Phase 1: Strategic Architecture

Agile: Sprint 0 / Inception Roles: Architect + Product Owner Human: 65% LLM: 35%

In brief: Creates the documented architectural vision (ADRs + diagrams) that provides the LLM with the “mental map” it naturally lacks. Strategic decisions made by humans, alternatives explored with LLM assistance.

Why This Phase Is Critical

The problem without Phase 1: LLM generates code based on generic internet patterns, without understanding the specific context. Proposes solutions disconnected from real needs (e.g., SQL database instead of vectorial). Fundamental architectural errors discovered late require complete redesign.

The solution provided: Strategic Architecture Document creates explicit system representation: why each component exists, which constraints must be respected, which trade-offs are accepted. The LLM receives the business and technical context it cannot guess.

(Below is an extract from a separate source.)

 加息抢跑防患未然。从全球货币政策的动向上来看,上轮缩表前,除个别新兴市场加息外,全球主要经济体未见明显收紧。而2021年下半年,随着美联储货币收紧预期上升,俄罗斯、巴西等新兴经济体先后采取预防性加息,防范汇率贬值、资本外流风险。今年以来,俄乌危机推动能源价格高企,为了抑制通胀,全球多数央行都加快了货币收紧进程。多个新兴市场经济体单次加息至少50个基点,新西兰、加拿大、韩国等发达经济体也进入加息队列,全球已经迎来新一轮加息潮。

LLM limitations addressed:

No internal representation: ADRs and diagrams create the explicit “mental map” (components, dependencies, impacts)
No understanding of architecture role: Documentation explains why a component exists, what business problem it solves, which architectural trade-offs it represents

Measured impact:

Architectural redesigns avoided thanks to validated decisions before coding
Faster onboarding time for new developers
Improved code generation quality
Technical debt avoided: Documented decisions prevent “tribal knowledge”

Process Flow

Inputs:

Business requirements and success criteria
Technical constraints (existing systems, standards, performance)
Organizational constraints (team skills, timeline, budget)
Stakeholder priorities
Existing system documentation (if refactoring/extension)

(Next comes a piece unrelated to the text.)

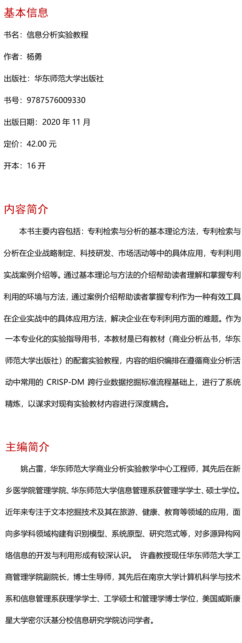 信息分析实验教程 商业分析 实验指导用书 正版 华东师范大学出版社

1. Problem Crystallization ⏱️⏱️

Architect 80%, LLM 20%

Architect articulates business problem clearly
LLM helps identify unstated assumptions
Separate symptoms from root causes
Define quantitative success criteria

Output: Precise problem statement with success metrics

2. Constraint Mapping ⏱️

Architect 60%, LLM 40%

Architect identifies constraints from experience
LLM generates comprehensive constraint checklist
Prioritize constraints (mandatory vs. nice-to-have)
Document organizational/political constraints

Output: Prioritized constraint list (technical + organizational)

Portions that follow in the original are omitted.